◆ Provided data:
════════════════

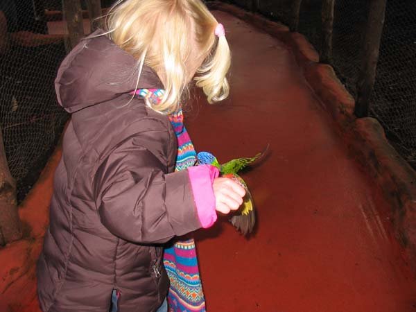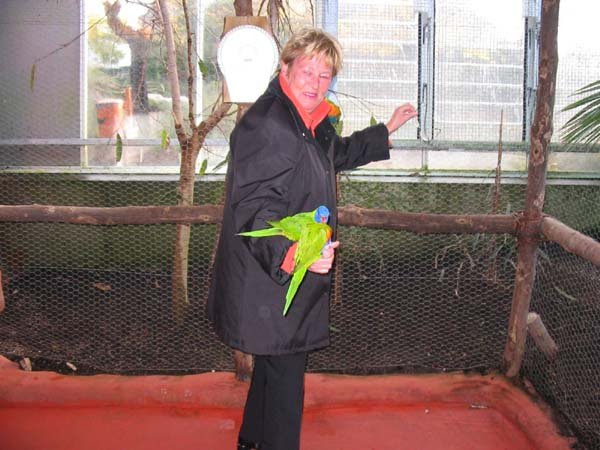 En erwas een voliere waar je papagaaien mocht voeren, spannend!!
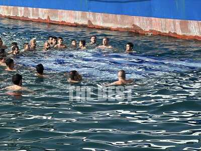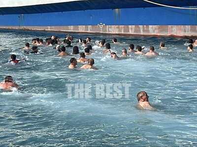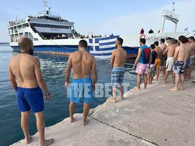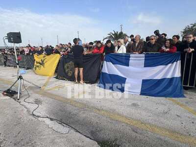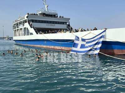Οι συμμετέχοντες όταν βγήκαν ξανά στη στεριά έψαλαν τον εθνικό ύμνο κρατώντας μια τεράστια ελληνική σημαία
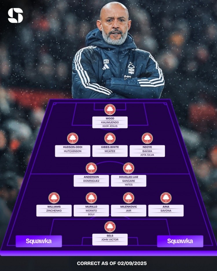 中场:安德森(多明戈斯)、道格拉斯-路易斯(桑加雷/耶茨)、奥多伊(哈钦森)、吉布斯-怀特(麦卡蒂)、恩多耶(巴卡瓦/若塔-席尔瓦)
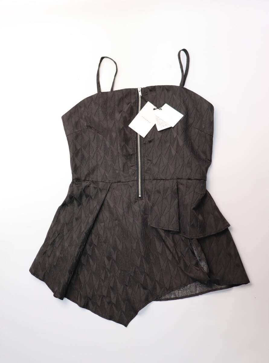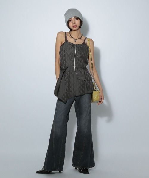 PAGEBOY (ページボーイ) アシメJQキャミチュニック ブランド商品説明… \表情の有る凹凸感が特徴のジャガード素材で仕立てた、アシンメトリーなシルエットのキャミチュニック/ ーーー 程よくハリのある生地がシルエットをキープし、切り替えから広がる裾は、タック&ミニペプラムのデザインで立体的な動きを演出します。 ボディはフィット感のある美シルエットながら、背中はゴムシャーリングでストレスフリー。 前のメタルジップ仕様や裾のカッティングで、甘すぎないモードなアクセントに。 ーーー 一枚で主役級の存在感。夏にはタンクやTシャツと、秋口にはシアーインナーとのレイヤードなど、インナー次第でロングシーズン活躍してくれるアイテムです。 ーーー ご質問はお気軽にお問い合わせください。 ◆カラー:ブラック ◆素材:ポリエステル100% ◆サイズ:フリー 身幅44、着丈63~73、ウエスト68 ◆定価6,990円 |

════════════════

◆ Problem description:
The required output is the span of lines from the line with "中场:安德森(多明戈斯)、道" through the final line of the listing above, reproduced exactly, minus the pictures.

◆ Task solution:
 中场:安德森(多明戈斯)、道格拉斯-路易斯(桑加雷/耶茨)、奥多伊(哈钦森)、吉布斯-怀特(麦卡蒂)、恩多耶(巴卡瓦/若塔-席尔瓦)
 PAGEBOY (ページボーイ) アシメJQキャミチュニック ブランド商品説明… \表情の有る凹凸感が特徴のジャガード素材で仕立てた、アシンメトリーなシルエットのキャミチュニック/ ーーー 程よくハリのある生地がシルエットをキープし、切り替えから広がる裾は、タック&ミニペプラムのデザインで立体的な動きを演出します。 ボディはフィット感のある美シルエットながら、背中はゴムシャーリングでストレスフリー。 前のメタルジップ仕様や裾のカッティングで、甘すぎないモードなアクセントに。 ーーー 一枚で主役級の存在感。夏にはタンクやTシャツと、秋口にはシアーインナーとのレイヤードなど、インナー次第でロングシーズン活躍してくれるアイテムです。 ーーー ご質問はお気軽にお問い合わせください。 ◆カラー:ブラック ◆素材:ポリエステル100% ◆サイズ:フリー 身幅44、着丈63~73、ウエスト68 ◆定価6,990円 |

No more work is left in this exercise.